= Extracted entries =
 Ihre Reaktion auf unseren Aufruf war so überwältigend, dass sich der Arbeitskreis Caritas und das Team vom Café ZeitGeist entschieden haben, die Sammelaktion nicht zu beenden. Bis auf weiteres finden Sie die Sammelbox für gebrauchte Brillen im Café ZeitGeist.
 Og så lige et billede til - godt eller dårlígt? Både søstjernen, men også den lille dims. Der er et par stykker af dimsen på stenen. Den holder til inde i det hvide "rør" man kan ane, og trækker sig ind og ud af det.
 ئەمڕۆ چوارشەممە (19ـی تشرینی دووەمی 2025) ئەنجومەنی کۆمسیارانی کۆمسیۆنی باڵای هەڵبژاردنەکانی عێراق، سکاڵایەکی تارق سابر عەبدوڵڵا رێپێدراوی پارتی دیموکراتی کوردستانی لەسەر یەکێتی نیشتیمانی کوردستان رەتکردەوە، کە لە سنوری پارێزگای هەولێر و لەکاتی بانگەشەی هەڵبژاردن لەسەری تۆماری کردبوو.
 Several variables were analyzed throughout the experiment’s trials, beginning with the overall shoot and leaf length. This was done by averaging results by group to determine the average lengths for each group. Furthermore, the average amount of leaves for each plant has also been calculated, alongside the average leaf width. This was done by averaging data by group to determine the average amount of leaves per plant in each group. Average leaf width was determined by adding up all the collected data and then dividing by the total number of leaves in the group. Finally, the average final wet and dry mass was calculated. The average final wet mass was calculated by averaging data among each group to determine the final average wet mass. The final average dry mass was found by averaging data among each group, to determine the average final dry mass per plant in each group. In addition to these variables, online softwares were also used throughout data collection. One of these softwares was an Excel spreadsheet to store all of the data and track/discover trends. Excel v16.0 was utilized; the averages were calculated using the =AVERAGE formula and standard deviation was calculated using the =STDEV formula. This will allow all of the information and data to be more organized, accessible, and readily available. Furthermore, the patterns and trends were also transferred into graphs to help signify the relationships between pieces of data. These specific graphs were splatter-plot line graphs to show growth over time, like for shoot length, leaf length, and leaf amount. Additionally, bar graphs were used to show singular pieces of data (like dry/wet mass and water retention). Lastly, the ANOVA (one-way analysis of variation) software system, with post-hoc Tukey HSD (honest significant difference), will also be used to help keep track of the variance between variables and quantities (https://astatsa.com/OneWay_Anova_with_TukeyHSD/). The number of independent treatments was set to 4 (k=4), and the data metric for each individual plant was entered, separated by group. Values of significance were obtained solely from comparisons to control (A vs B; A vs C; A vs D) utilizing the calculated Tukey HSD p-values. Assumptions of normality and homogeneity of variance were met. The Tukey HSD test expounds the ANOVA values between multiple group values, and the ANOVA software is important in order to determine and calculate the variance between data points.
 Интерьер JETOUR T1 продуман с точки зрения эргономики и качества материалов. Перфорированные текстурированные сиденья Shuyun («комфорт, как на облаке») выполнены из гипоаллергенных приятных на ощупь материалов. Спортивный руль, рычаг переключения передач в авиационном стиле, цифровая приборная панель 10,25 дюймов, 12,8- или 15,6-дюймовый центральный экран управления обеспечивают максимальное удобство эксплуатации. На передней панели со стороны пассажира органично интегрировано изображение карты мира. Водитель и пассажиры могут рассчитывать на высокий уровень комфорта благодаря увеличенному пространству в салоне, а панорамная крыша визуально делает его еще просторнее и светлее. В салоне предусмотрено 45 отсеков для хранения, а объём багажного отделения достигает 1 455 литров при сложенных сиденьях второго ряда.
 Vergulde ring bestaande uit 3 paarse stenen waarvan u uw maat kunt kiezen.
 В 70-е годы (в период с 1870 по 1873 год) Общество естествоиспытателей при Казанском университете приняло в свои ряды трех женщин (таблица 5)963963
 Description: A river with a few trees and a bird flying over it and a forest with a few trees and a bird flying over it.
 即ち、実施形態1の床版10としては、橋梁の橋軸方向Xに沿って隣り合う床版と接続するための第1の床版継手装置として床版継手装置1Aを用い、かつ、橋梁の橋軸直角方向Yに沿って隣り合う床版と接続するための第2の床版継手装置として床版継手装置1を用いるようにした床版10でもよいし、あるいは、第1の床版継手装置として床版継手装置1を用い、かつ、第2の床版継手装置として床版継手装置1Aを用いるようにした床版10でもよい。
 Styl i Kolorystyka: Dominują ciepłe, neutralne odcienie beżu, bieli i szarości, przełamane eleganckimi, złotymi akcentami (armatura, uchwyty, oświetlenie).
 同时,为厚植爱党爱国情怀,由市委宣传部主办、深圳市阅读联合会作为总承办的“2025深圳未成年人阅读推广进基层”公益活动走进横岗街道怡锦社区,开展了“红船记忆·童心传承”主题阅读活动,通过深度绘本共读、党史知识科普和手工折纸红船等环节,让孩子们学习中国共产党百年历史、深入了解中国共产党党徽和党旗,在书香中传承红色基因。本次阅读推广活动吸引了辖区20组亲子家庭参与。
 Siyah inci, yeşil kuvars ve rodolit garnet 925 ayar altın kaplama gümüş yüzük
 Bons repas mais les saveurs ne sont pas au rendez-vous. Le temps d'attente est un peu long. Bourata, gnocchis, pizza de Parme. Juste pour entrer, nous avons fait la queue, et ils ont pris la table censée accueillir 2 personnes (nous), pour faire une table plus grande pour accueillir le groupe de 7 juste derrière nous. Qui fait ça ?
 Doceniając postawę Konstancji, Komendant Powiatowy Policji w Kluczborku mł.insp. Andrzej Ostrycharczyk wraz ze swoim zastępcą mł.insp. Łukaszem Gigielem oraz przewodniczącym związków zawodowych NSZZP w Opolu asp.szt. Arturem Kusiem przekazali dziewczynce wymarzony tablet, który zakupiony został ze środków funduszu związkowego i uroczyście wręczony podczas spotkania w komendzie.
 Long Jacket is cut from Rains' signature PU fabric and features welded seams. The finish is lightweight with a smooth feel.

= Activity =
Find each line in the listing above that contains "stenen", and copy that line.

= Expected answer =
 Og så lige et billede til - godt eller dårlígt? Både søstjernen, men også den lille dims. Der er et par stykker af dimsen på stenen. Den holder til inde i det hvide "rør" man kan ane, og trækker sig ind og ud af det.
 Vergulde ring bestaande uit 3 paarse stenen waarvan u uw maat kunt kiezen.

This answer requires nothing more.